Anyway, once Stark becomes Iron Man, it turns out the enemy was within, all along! Yes, cuddly Jeff Bridges – The Dude, Duder, El Duderino – shaved his head, grew a big grey beard and went nasty. He actually makes for a decent villain, mainly because he’s largely unrecognisable. He cons the terrorists a little too easily for my liking, but he presents a decent threat. He’s intelligent enough to cause massive issues for our hero, but not so clever that Stark can’t outsmart him. Plus, he professionally delivers the two key arch-enemy speeches: the exposition one, wherein he calmly lets everyone know his motivations for everything ever, while the hero is otherwise incapacitated (aural paralysis pen-drive thing, in this case); and the grand finale ‘how ironic!

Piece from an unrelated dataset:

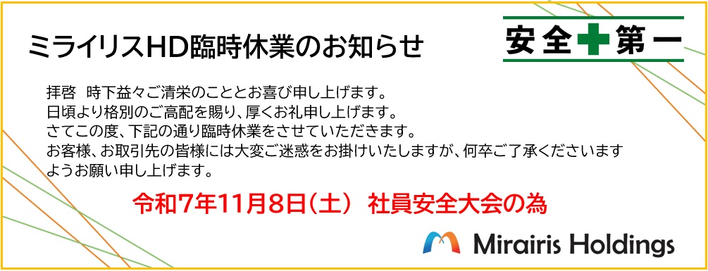 11月8日(土)は、令和7年度社員安全大会のため、臨時休業させていただきますので、何卒ご了承くださいますようお願い申し上げます。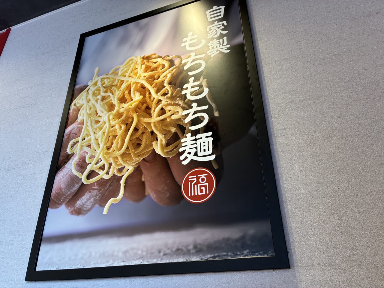 自家製の「もちもち麺」は、店内で製麺し、しっかり熟成させた麺。

You sought to [INSERT NOBLE INTENTION], when really you [UNWITTINGLY HELPED THE VILLAIN]’ monologue.
As a whole it was fine, though far from the best anything. Terrence Howard was perfunctory as Rhodes, though his financial demand-based absence in the sequel shouldn’t be anything to shed tears over. The fight between Iron Man and Mecha Dude was entertaining… and visually clear. In fact, it was pretty much everything the messy Transformers fights were not. You could follow the action, differentiate the combatants and everything! Tell me about it. I was planning on writing up Transformers 2 (‘Revenge of the Fallen’ being one of the lamer subtitles in the history of recorded nomenclature), but the less said about that mockery of cinema the better, really. Michael Bay, please die. Actually, that’s a tad harsh. He has done one thing of note in the last few years… But back to the matter at hand. The SHIELD reveal was nice, and got me a little excited, but not as excited as the post-credits Samuel L. Jackson cameo. That was schmart, and a satisfying slap in the face to those dimwits who leave cinemas as soon as the credits start to roll. Paltrow was her usual annoying self, but she didn’t bring the film down to any great degree. We got ‘Iron Man’ the song. The flying sensation, and RDJ’s reaction to it, were great and very satisfying. It didn’t go on too long. All in all a good film, and I look forward to the sequel.